Work task »
Begin with the first line below and retype each line exactly through the line containing "8, GA 101 y". Any pictures are to be left out.

Dataset section »
Content starts

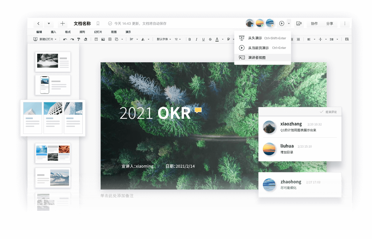 多人多端同步协作编辑,支持任意位置标注评论,自动保存历史版本,支持回溯
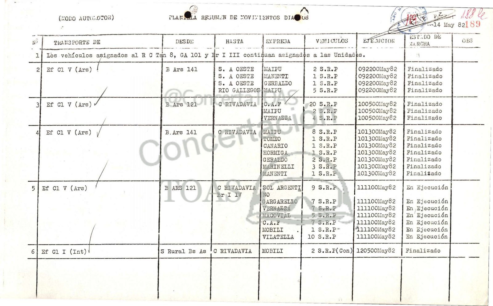 8, GA 101 y Hr I III contiñuan asignadés a las Unidadp
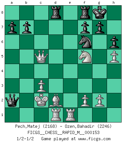 Last move : 1/2-1/2 2024 April 1 3:57:39 [Event "FICGS__CHESS__RAPID_M__000153"] [Site "FICGS"] [Date "2023.12.18"] [Round "1"] [White "Pech,Matej"] [Black "Ozen,Bahadir"] [Result "1/2-1/2"] [WhiteElo "2168"] [BlackElo "2246"] 1.e4 c6 2.d4 d5 3.Nc3 dxe4 4.Nxe4 Bf5 5.Ng3 Bg6 6.h4 h6 7.Nf3 Nd7 8.h5 Bh7 9.Bd3 Bxd3 10.Qxd3 e6 11.Bf4 Qa5+ 12.Bd2 Bb4 13.c3 Be7 14.c4 Qc7 15.O-O-O Ngf6 16.Ne4 Rd8 17.Nxf6+ Nxf6 18.Qe2 c5 19.d5 exd5 20.Rhe1 dxc4 21.Nh4 c3 22.bxc3 O-O 23.Qxe7 Qa5 24.Nf5 Qxa2 25.Qxc5 Qa1+ 26.Kc2 Qa2+ 1/2-1/2 Follow this game move after move (download)Though most people love to look at the games of the great attacking masters, some of the most successful players in history have been the quiet positional players. They slowly grind you down by taking away your space, tying up your pieces, and leaving you with virtually nothing to do ! (Yasser Seirawan) Bis jetzt ist Weiß einer wohlbekannten Analyse gefolgt. Aber jetzt begeht er einen schrecklichen Fehler: Er beginnt seinen eigenen Kopf zu benutzen. (Siegbert Tarrasch) Un mal día en el Ajedrez, es mejor que cualquier buen día en el trabajo. (Anonymous) Vous savez, camarade Pachman, je n'éprouve pas de plaisir à être ministre, je jouerais plutôt aux échecs comme vous, ou alors ferais une révolution au Venezuela. (Che Guevara à Ludek Pachman, 'Checkmate in Prague', 1975) Ah, the Socrating method. The best way we have of teaching everything-apart from juggling chainsaws. (Gregory House, House M.D.)

Content ends

Exercise result »
 多人多端同步协作编辑,支持任意位置标注评论,自动保存历史版本,支持回溯
 8, GA 101 y Hr I III contiñuan asignadés a las Unidadp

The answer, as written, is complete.